If you're looking to put a little more gold in your golden years you're going to need more than gold -- or bonds, CDs, and whatever it is that you've been stashing away under your mattress. Stocks have historically been the best way to grow your money, and that's likely going to continue to be the case in the future.
You may want to avoid speculative penny stocks, profitless upstarts, and richly priced growth darlings, but there are still plenty of quality names out there. Target (NYSE:TGT), Cisco Systems (NASDAQ:CSCO), and Realty Income (NYSE:O) are quality investments with modest yields and room to appreciate. Let's see why these three stocks are ideal for a better retirement.
There aren't too many retailers that have earned the right to be as pandemic-proof as Target. The "cheap-chic" discounter has become even more popular this year as a mass market retailer with multi-generational appeal. Comps rose 20.7% in its latest quarter, and adjusted earnings more than doubled.
Target has transformed itself into the brick-and-mortar beast that every chain aspires to be these days. It has seamlessly coasted into the promising realms of e-commerce, curbside pick-up, and online ordering for in-store pick-up, with digital sales skyrocketing 155% over the past year.
The stock is hitting fresh all-time highs this week, but don't let that scare you into thinking that it's too late to land on the bull's eye yourself. The stock has roughly doubled from its April lows but it's reasonably priced at 20 times this fiscal year's projected earnings. The 1.5% yield is the lowest of the three names on this list, but that's going to beat whatever a new bank CD would be offering.
In terms of trendy appeal, Cisco is at the other end of the Target spectrum these days. The networking specialist isn't trading anywhere near an all-time high or even a 52-week high. It just posted its fourth straight quarter of declining revenue as companies hold back on tech upgrades until we claw our way out of the pandemic.
Cisco is no longer the runaway leader in routers, switches, and related networking gear that at one point made it the country's most valuable company by market cap -- before the dot-com bubble popped. However, it's still a relevant player with a cheap stock and a juicy 3.5% yield. Cisco is fetching just 13 times this fiscal year's profit target and 12 times next year's analyst earnings estimate. If the valuation seems compelling, a bonus kicker here is that Cisco has topped Wall Street expectations on the bottom line in each of those four quarters in which revenue declined.

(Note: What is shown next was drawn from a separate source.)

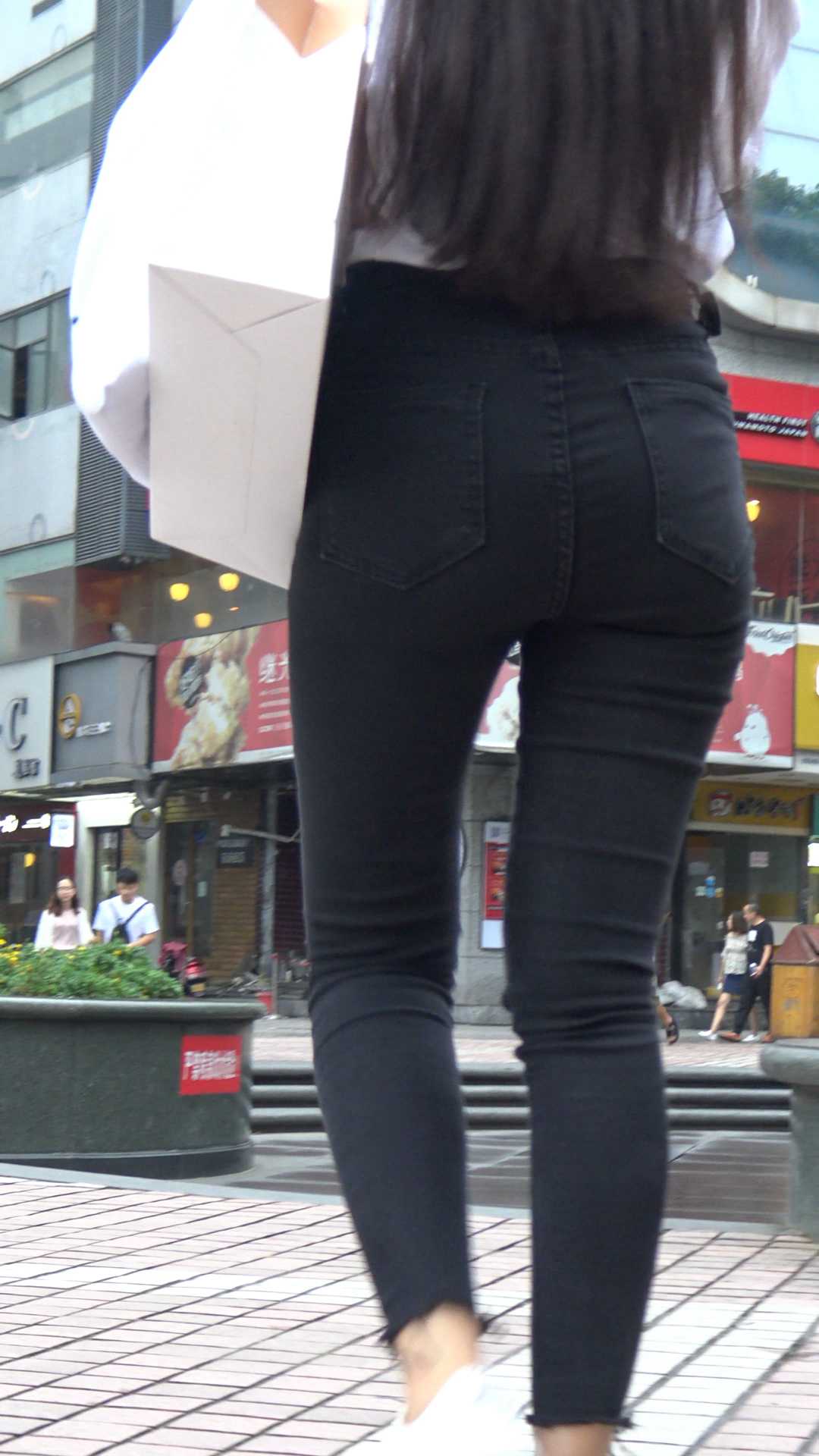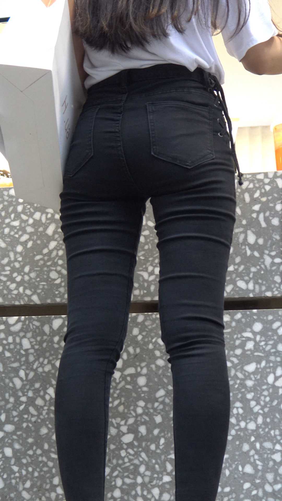 C1284超紧黑牛仔大翘臀长发美女

Let's close out the list with a real estate investment trust (REIT), but not just any REIT. Realty Income stands out as one of the publicly traded investments that provide monthly distributions. The current 4.6% yield is the highest of the three names on this list.

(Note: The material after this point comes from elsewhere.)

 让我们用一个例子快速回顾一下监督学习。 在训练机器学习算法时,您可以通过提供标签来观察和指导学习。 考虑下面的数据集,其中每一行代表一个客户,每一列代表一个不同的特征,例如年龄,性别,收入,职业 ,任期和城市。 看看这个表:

Realty Income signs long-term leases for mostly retail properties that account for 85% of its portfolio. Retailers may seem like a bad bet these days -- with Target being one of the exceptions to the rule -- but Realty Income is fully aware of what's going on out there these days. It's well diversified with roughly 600 tenants across 51 different industries, but those industries are typically immune to economic lulls and the threat of e-commerce. A whopping 95% of its retail portfolio comes from tenants addressing services, non-discretionary retail, or low price points. This does mean that some of its tenants are gyms and multiplex operators that aren't faring so well these days, but it also has plenty of convenience stores (its largest category), pharmacies, and discounters that have held up well in this tricky climate.
Realty Income has increased its dividend 108 -- yes, 108 -- times. It has also boosted its payout every year since its 1994 listing, making it one of just three REITs that make the cut as Dividend Aristocrats. It may not offer the turnaround potential of Cisco or be killing it the way Target is these days, but those monthly dividend checks and a historically resilient property portfolio will serve you just fine if your goal is a better retirement.